Custom Rule Projections

Article
09/22/2010

[This content is no longer valid. For the latest information on "M", "Quadrant", SQL Server Modeling Services, and the Repository, see the Model Citizen blog.]

When your language's parser succeeds in parsing an input stream, it builds an abstract syntax tree (AST), which is a hierarchical representation that shows each syntax or token rule used to parse the input.

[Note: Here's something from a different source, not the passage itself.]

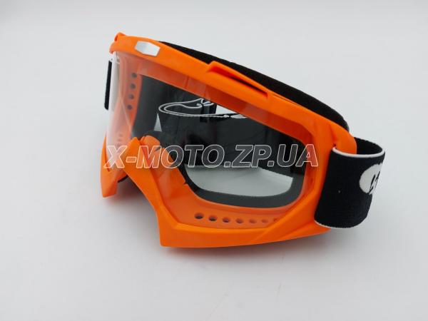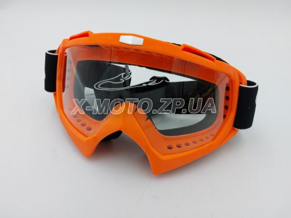 Очки (маска) для мотокросса Vega оранжевые c прозрачным стеклом

The parser generates an output stream, based on the rules that occur in the AST. You can customize this output by specifying projections for syntax and token rules. A projection describes how to transform the part of the input stream that matched a rule into an output.

A Simple Example

The following example is of a projection. Note that the => operator in the Main syntax rule indicates the start of the projection definition.

module test
{
    language something
    {
        syntax Main = a:A => Inputs{a};
        token A     = 'X'#2..4;
    }
}

This language successfully parses any string that consists of 2 to 4 "X" literals. When the string "XX" is input, the following output is generated.

Inputs{
  "XX"
}

If you remove the rule projection (the string "=> Inputs{a}" in the Main rule), the following output is produced by the default projections.

Main[
  "XX"
]

Projection Syntax

A syntax or token rule consists of one or more productions. Each production specifies one or more terms that the input stream is compared to. As the parser reads the input stream, it tries to match parts of the stream against any of the productions in any of the grammar rules.

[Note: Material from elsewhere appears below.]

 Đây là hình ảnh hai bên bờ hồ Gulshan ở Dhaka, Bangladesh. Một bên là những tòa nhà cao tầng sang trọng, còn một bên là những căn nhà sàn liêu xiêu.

A production may specify a projection, which describes how to create the output from the part of the input stream that matched that a production's pattern declaration. If no projection is specified, then a default projection creates the output (see The Default Rule Projections).

A projection specifies how to transform the input data to arrive at the desired output. Typically you derive the output from the terms in the syntax or token rule production that recognized part of the input stream. You bind variables to each term in the production that you want to reference in the projection. The projection then consists of several of these variables, often arranged in a list or collection. And the special functions valuesof, labelof, or id can be applied to these variables. The entire output that is derived from the input can be highly nested, because of the hierarchical nature of language syntax.

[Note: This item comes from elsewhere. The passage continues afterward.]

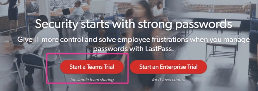 - Sign up for a LastPass Teams account by entering your email and selecting the estimated number of users from the drop-down menu. Click on “Start My Free Trial”;

If present, a projection immediately follows the pattern declaration in a syntax rule production, and consists of the => operator, followed by a Term Projection, which is the body of the projection. The Term Projection consists of one or more terms and each term can be one of the following:

An atom, which can be one of the following:
- A literal.
- A reference to a variable that has been bound to one of the terms in the production pattern declaration.
- An operation on a reference.
A list with an optional label.
A collection with an optional label.

Customizing Your Output

One way to define a projection is to use code name “Intellipad” tool to examine the output created by the default projection and customize it to your requirements. There are several ways to customize the output of the default projection:

Naming and renaming nodes.
Consolidating node content with the valuesof() ("M" Reference) function.
Removing and adding nodes.
Changing the graph structure from a list to a collection.

For a description of the default projection output format, see The Default Rule Projections.

To illustrate this topic, input data is used that lists the types in a .NET assembly, their names, and access properties. A DSL is created that transforms the input into a format that can be loaded into the repository. The following sample data is used as input to the custom language.

TYPE Name=myString Access=public 
TYPE Name=myInteger Access=private

The complete code for this application appears at the end of this topic. As the method used to customize the default projection's output is illustrated, more and more of this code is examined.

Renaming Nodes

Frequently you may want to rename a node to improve legibility or to conform to the standards of an application that accesses the output. A very common requirement is to change the name of the default Main node to something more meaningful.

The starts with the following code.

        syntax Main     = Types;
        syntax Types    = Type+;
        syntax Type     = TypeLit Name Access;

The default projection produces the following output fragment.

Main[
  Types[
    [
      Type[
        "TYPE",
        Name[
//  More here...

The following code change shows how to rename the Main node to AssemblyTypes.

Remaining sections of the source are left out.